LedPred is available on GitHub: https://github.com/aitgon/LedPred and Bioconductor: http://bioconductor.org/packages/release/bioc/html/LedPred.html under the MIT license.
Supplementary data are available at Bioinformatics online.
基于支持向量机(SVM)的监督分类已成功用于顺式调控模块(CRMs)的预测。然而,目前尚无可用于整合位置特异性评分矩阵、ChIP-seq 数据或保守分数等多种异构数据的综合工具。在这里,我们提出了 LedPred,这是一种灵活的 SVM 工作流程,它基于已知 CRM 的注释来预测新的调控序列,这些 CRM 与各种特征类型相关联。
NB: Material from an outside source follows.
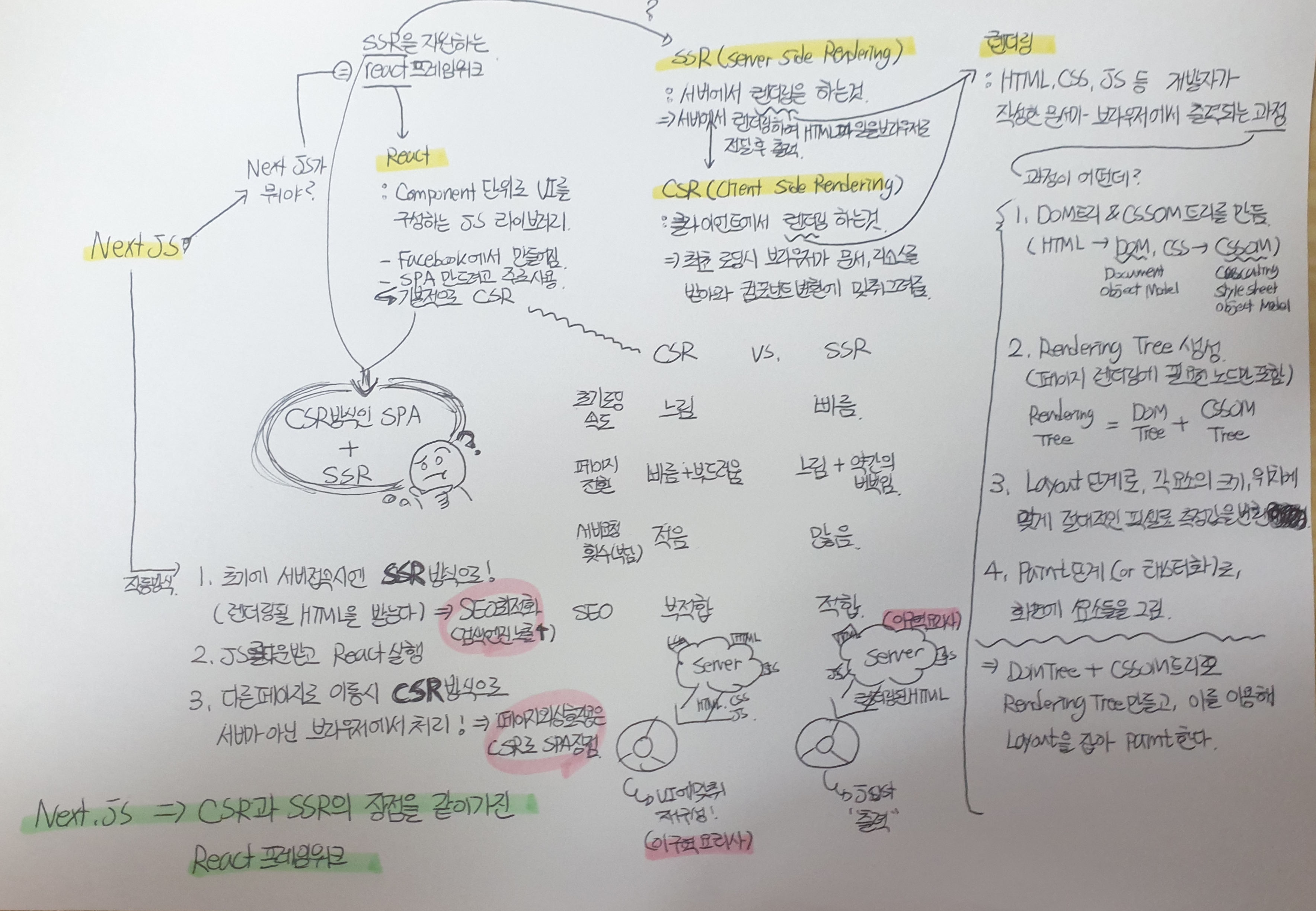 개요 next JS를 공부하려고 노마드 코더 인강을 틀었는데 nextJS에 대한 제대로 된 설명 없이 바로 실습으로 들어가려고 하시길래 "nextJS가 일단 뭔데...?"라는 생각으로 검색을 시작해봤습니다. 본론 기본 주제 : next JS가 무엇인가? nextJS는 SSR을 지원하는 react 프레임워크입니다. 여기서 SSR과 React의 개념을 조금 짚고 넘어가려고 합니다. React란 무엇인가? react는 페이스북에서 만든 컴포넌트 단위로 UI를 구성할 수 있게 한 자바스크립트 라이브러리를 말한다. 기본적으로 SPA(Single Page Application)를 지원하며 CSR 방식으로 화면을 전환한다. SSR(Server Side Rendering)과 CSR(Client Side Renderin..

LedPred 作为一个 R/Bioconductor 包提供,并连接到一个在线服务器,以避免安装非 R 软件。由于 CRM 特征的异构整合,与基于类似 SVM 的软件相比,LedPred 在预测果蝇和小鼠数据集的调控序列方面表现出色。
LedPred 可在 GitHub 上获得:https://github.com/aitgon/LedPred 和 Bioconductor:http://bioconductor.org/packages/release/bioc/html/LedPred.html,根据 MIT 许可证。
补充数据可在 Bioinformatics 在线获得。